National Review Capital Matters is celebrating the 300th birthday of Adam Smith with a monthly Adam Smith 300 series throughout 2023. Each essay in the series will be written by various students of Smith’s thought and will be published on the 16th day of each month, in honor of Smith’s birthday on June 16. The series is being curated by Daniel Klein and Erik Matson of George Mason University, along with Dominic Pino. Previous essays in the series can be found here.
Adam Smith is often referred to as the father of economics and a founder of classical liberalism. However, these portrayals tend to overlook the fact that Smith’s ideas were shaped by his reading and participation in debates with his peers. Smith was a product of the Scottish Enlightenment, which took place in the middle years of the 18th century and was part of a wider European Enlightenment, known as the “Age of Reason.”

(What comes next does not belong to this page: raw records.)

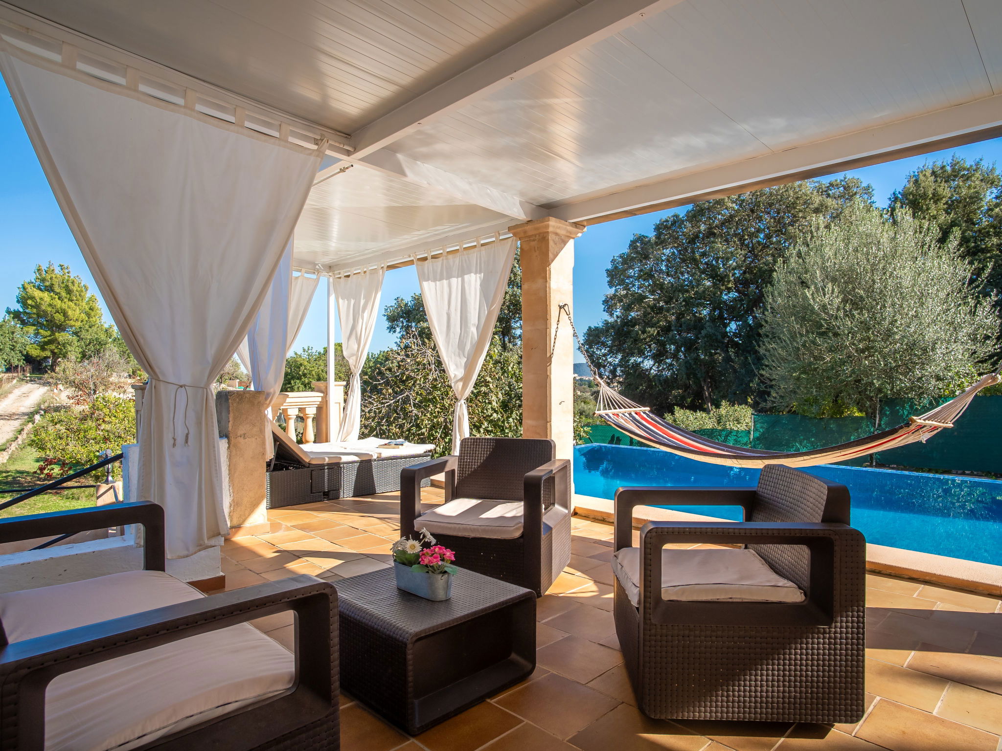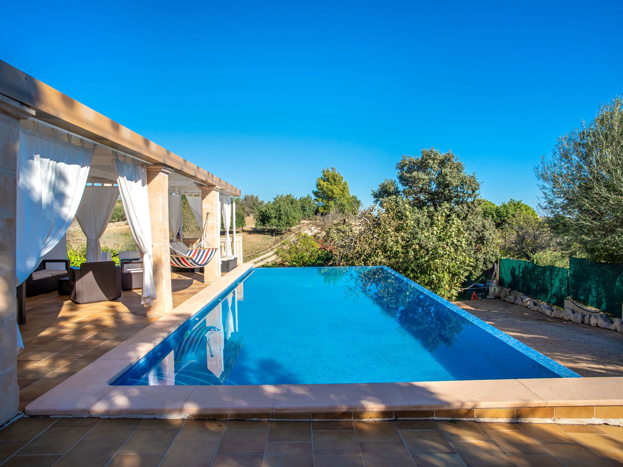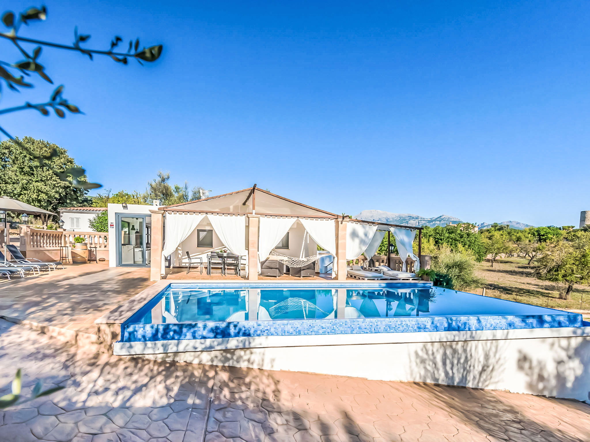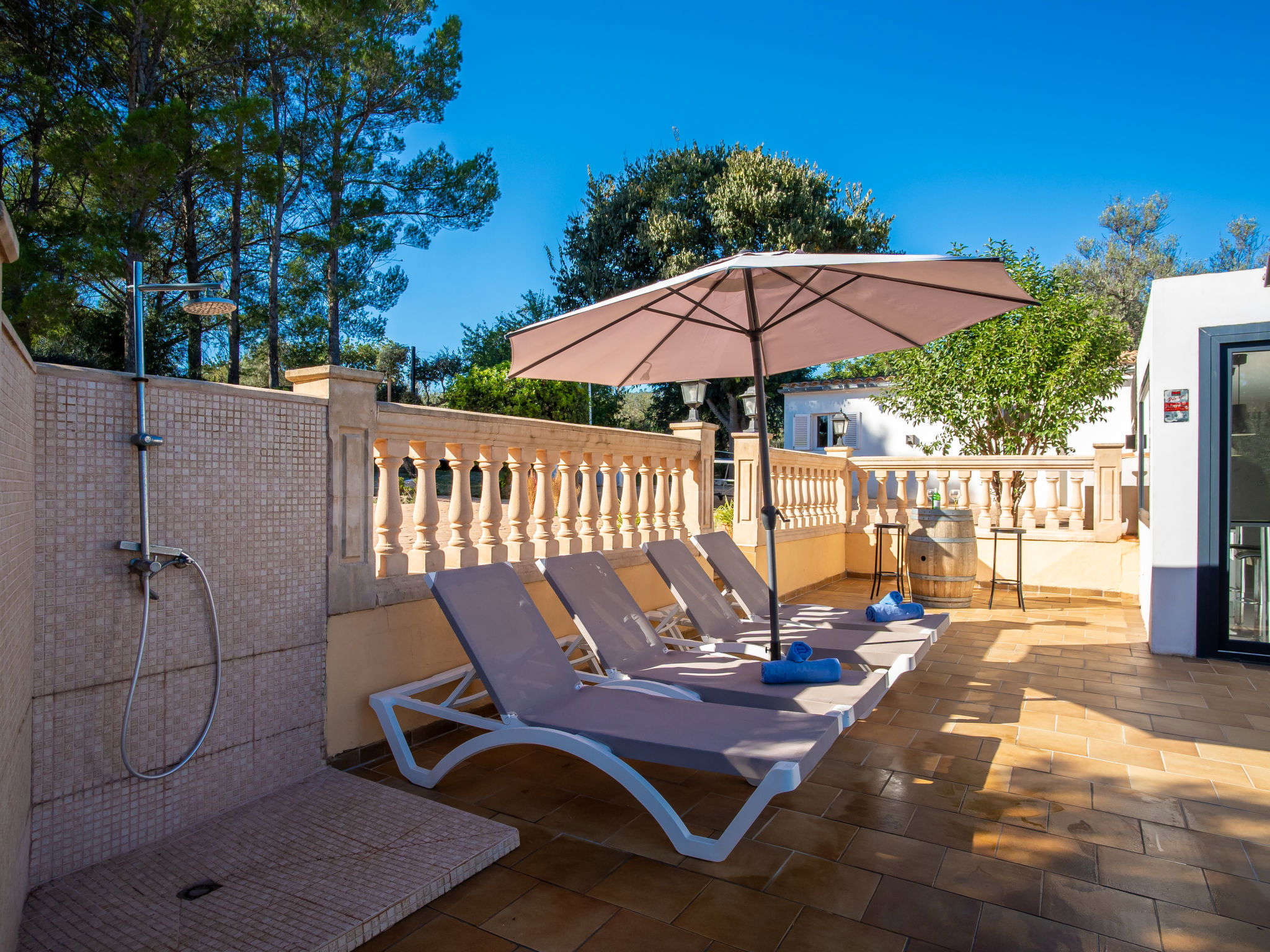 2 km from Lloseta: Modern, cosy, comfortable farm estate "Can Bernat", surrounded by trees. Outside the resort, 2 km from the centre of Lloseta, in a quiet, sunny position, traffic calmed area, 3 km from the edge of the forest, 25 km from the sea, 25 km from the beach, in the countryside. Private: natural state property with trees, natural garden, swimming pool angular (7 x 4 m, depth 100 - 160 cm, seasonal availability: 01.Jan. - 31.Dec.) with salt water and salt-electrolysis pool-cleaning system. Outdoor shower, table tennis, patio, arbour, garden furniture, barbecue, pool maintenance by the owner/gardener. In the house: air conditioning, burglar alarm system, washing machine. 150 m long bumpy motor access. Parking on the premises. Shop 2 km, grocery 2 km, supermarket 2 km, restaurant 2 km, bar 2 km, bakery 2 km, café 2 km, pub garden 2 km, bus stop "Inca" 2.5 km, railway station "Lloseta" 2 km, sandy beach "Puerto Alcudia" 25 km, rocky beach 30 km. Sports harbour 30 km, marina 30 km, golf course (18 hole) 31 km, riding stable 2.5 km, walking paths from the house 1 m. Nearby attractions: Ciudad de Inca, Lloseta. 2.5 km. Hiking paths: Sa Comuna de Biniamar 3.5 km, Lluc, Escorca. Please note: car recommended. Suitable for families, suitable for seniors baby equipment on request (included). Object suitable for 4 adults groups of teenagers on request only. The owner does not accept any youth groups. Loading and unloading of baggage is possible at the holiday house. Animals in the neighbourhood. Airfield 39 km from the property.
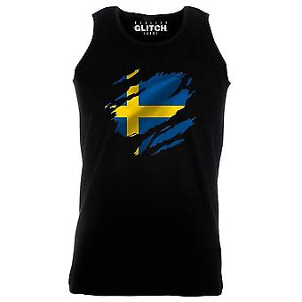Colete Masculino com Bandeira da Suécia Rasgada com Falha na Realidade
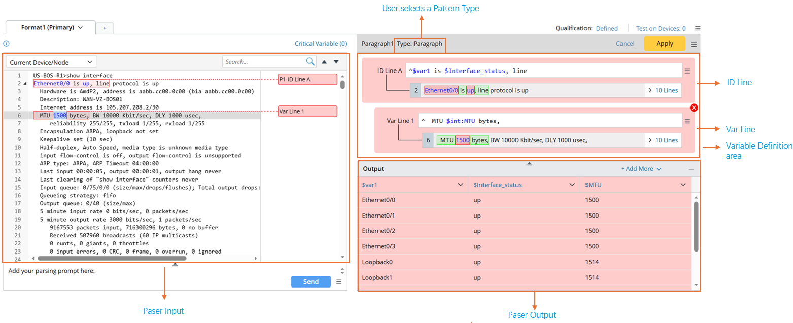 The UI components for add-on parser mode (the UI is a sample paragraph pattern) are shown below:
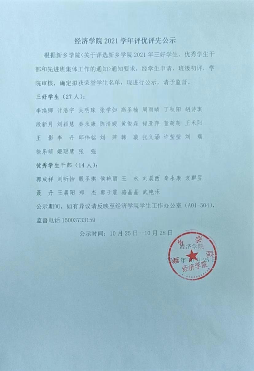 2021学年评优评先公示
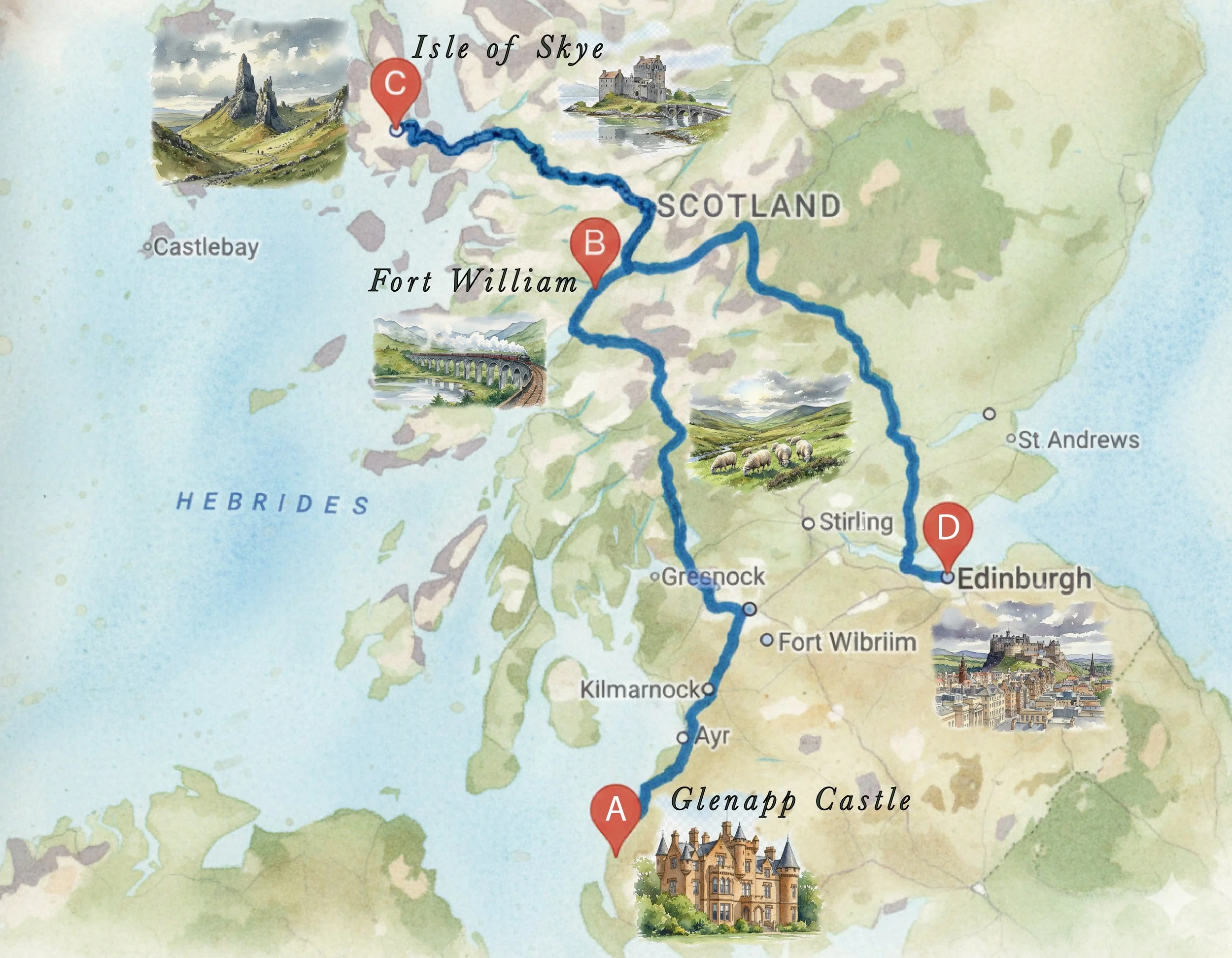 Route Highlights: Departing from the stunning Ayrshire coast, you'll journey north through Loch Lomond & The Trossachs National Park. The route takes you along the western shore of Loch Lomond, past the charming village of Luss, and through the dramatic Glen Coe - one of Scotland's most spectacular valleys. Keep your cameras ready for towering mountains, cascading waterfalls, and possibly some Highland cattle!
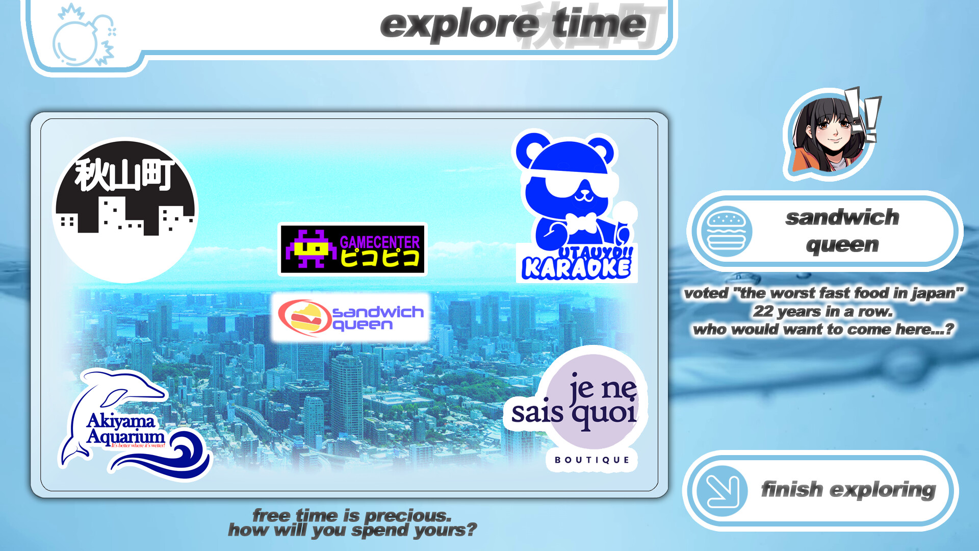 Explore Akiyama! See what's going on across town throughout each girl's story! With the variety of locations being different per route, there's no shortage of things to see and girls to bump into!
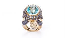 Anel Frattina & TXAI em ouro amarelo com topázio azul, safiras e diamantes incolores

The Scottish Enlightenment was a time when science, progress, and freedom of expression and activity came increasingly into the intellectual vanguard. This was no coincidence, as Scotland had emerged from a traumatic 17th century marked by religious fanaticism, civil war, famine, and national bankruptcy. After the Union of Parliaments with England in 1707, Scotland experienced a long period of relative civil and political security as part of the new state of Great Britain. With political stability came economic transformation as Scots gained access to new markets in Great Britain and its colonies in the Americas, leading to spectacular economic growth, urbanization, and rapid social change.
The literati, a tight-knit group of Scottish intellectuals, were at the center of the Scottish Enlightenment. They came from similar middle-class backgrounds and benefited from the Presbyterian emphasis on literacy and Scotland’s excellent local schools and universities. Teaching in the Scottish universities had been transformed by the introduction of the latest work in science and moral philosophy by figures such as Colin Maclaurin and Francis Hutcheson. Hutcheson, sometimes referred to as the “father” of the Scottish Enlightenment, developed the style of philosophical education that became the backbone of the Scottish universities. His moral-philosophy curriculum ensured that students read widely across ethics, jurisprudence, aesthetics, politics, sociology, and philosophy of religion. Scottish education had a social as well as an intellectual function, and this notion deeply influenced Adam Smith’s understanding of what was expected of him when he took over the chair at Glasgow that Hutcheson had occupied.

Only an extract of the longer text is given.